La bicicleta europea
'Si la Convención fracasa, Europa puede desmembrarse', ha dicho solemnemente Valery Giscard D'Estaing al comenzar los trabajos del foro encargado de dibujar el futuro de la Unión Europea. Las palabras del expresidente francés expresan con claridad un temor generalizado: el de que sea poco menos que imposible buscar un consenso suficiente entre los distintos intereses presentes en este asunto. Y es que los resultados de la Convención sobre el futuro de Europa, previstos para dentro de año y pico, representarán el compromiso de una más plena integración europea o el comienzo de un retroceso en dicho proceso integrador. En todo caso, lo que no podrá ser es que las cosas continúen como ahora.
Vista en perspectiva, la historia de la construcción europea se asemeja bastante a la marcha de una bicicleta, siempre dependiente del pedalear del ciclista. Mientras los pedales sigan moviéndose, la bicicleta avanza. Si dejan de hacerlo, la bicicleta acabará por caer al suelo. No hay término medio. En Europa, el proceso también fue siempre así. Comenzó por la libre circulación de mercancías, para lo cual fue precisa la eliminación paulatina de los aranceles existentes entre sus miembros. Pero claro, una zona de libre comercio con distintos aranceles frente a terceros era inviable, pues los productos del exterior siempre elegirían la entrada más fácil de entre todas las posibles. Así, el arancel externo común, y la creación de una unión aduanera, se abrieron paso como condición necesaria para que el invento no se fuera al traste. Entonces surgieron nuevos problemas. Para que el nuevo mercado común funcionara, los Estados miembros no podían tener normas diferentes que afectaran a la producción, pues la competencia estaría demasiado mediatizada, y fue necesario plantear normas industriales, agrícolas, medioambientales, y otras de muy diversa índole. Después tuvieron que eliminarse las restricciones a la libre circulación de capitales y, finalmente, de personas. La existencia de diferentes monedas pasó entonces a ser el nuevo obstáculo a batir, para lograr que los tipos de cambio entre las mismas no impidieran la fluidez de los intercambios, iniciándose la marcha hacia la unión monetaria que hoy conocemos.
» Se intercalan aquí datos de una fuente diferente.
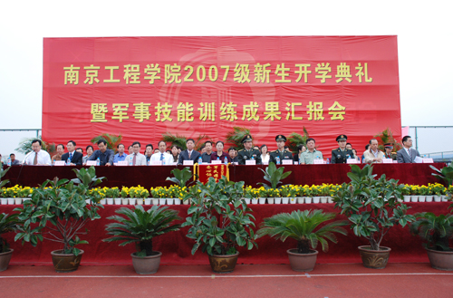 9月29日,太阳集团2007级新生开学典礼暨军事技能训练成果汇报会在方山校区东田径场隆重举行。历经12天军训生活的磨练,6000余名新生身着统一的迷彩服,意气风发地向全校师生汇报了他们入学第一课的精彩成果。校领导、各院系和有关部门负责人、负责军训的解放军理工大学工程兵工程学院的首长以及鼓楼区人武部领导、江苏教育厅领导出席了典礼。学校办公室杨征宇主任主持典礼。
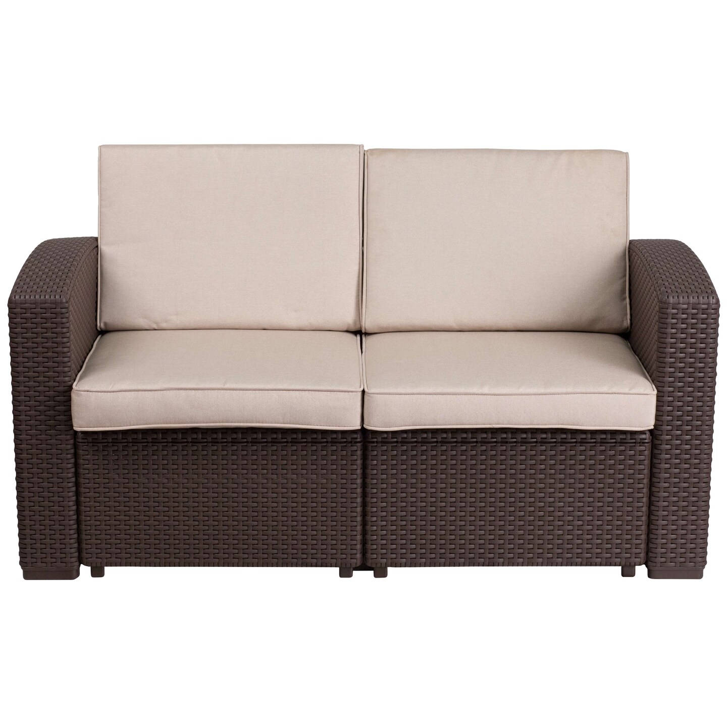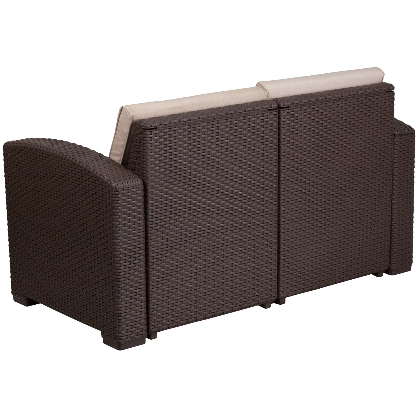 Merrick Lane Malmok Outdoor Furniture Resin Loveseat Faux Rattan Wicker Pattern 2-Seat Loveseat With All-Weather Cushions

Hasta el momento, las presiones del mercado han venido siendo suficientes para continuar pedaleando y evitar la caída de la bicicleta. Sin embargo, durante dicho proceso, la Unión Europea se ha convertido, en la práctica, en el ámbito en el que se decide la gran mayoría de las cuestiones que afectan a nuestra vida cotidiana, lo que pone en primer plano el debate sobre cómo y quienes han de tomar esas decisiones en el futuro. Aparece entonces una nueva disfunción: la derivada de la existencia de unos sistemas de representación política vinculados principalmente al ámbito del Estado-nación, cuando los procesos económicos y sociales no se dan ya únicamente en ese ámbito. Se hace necesario entonces dar un nuevo paso en el sentido de adecuar lo político a lo ya logrado en lo económico. Pero aquí nos encontramos ante un asunto mucho más complejo y delicado, en cuanto afecta a la esencia misma de los Estados nacionales, principales sujetos de la historia contemporánea en nuestro viejo continente
Pero es que, además, durante las últimas décadas, tendencias fuertemente descentralizadoras -fenómeno por otra parte no exclusivamente europeo- han ido cobrando fuerza, no sólo como respuesta a la uniformización cultural y social, sino también como fórmula más adecuada para impulsar una gestión pública más eficaz y una administración más cercana a la sociedad. Naciones sin Estado, regiones, y entes subestatales diversos, que necesariamente han de tener su papel en el futuro de la Unión Europea, una vez que los Estados-nación se han visto privados de algunos de sus principales atributos, como la existencia de mercados y monedas nacionales. Y esa también es una cuestión importante, mal que les pese a algunos ciclistas como Aznar, que pretenden parar la bicicleta o, lo que es aún más complicado, hacer que marche hacia atrás.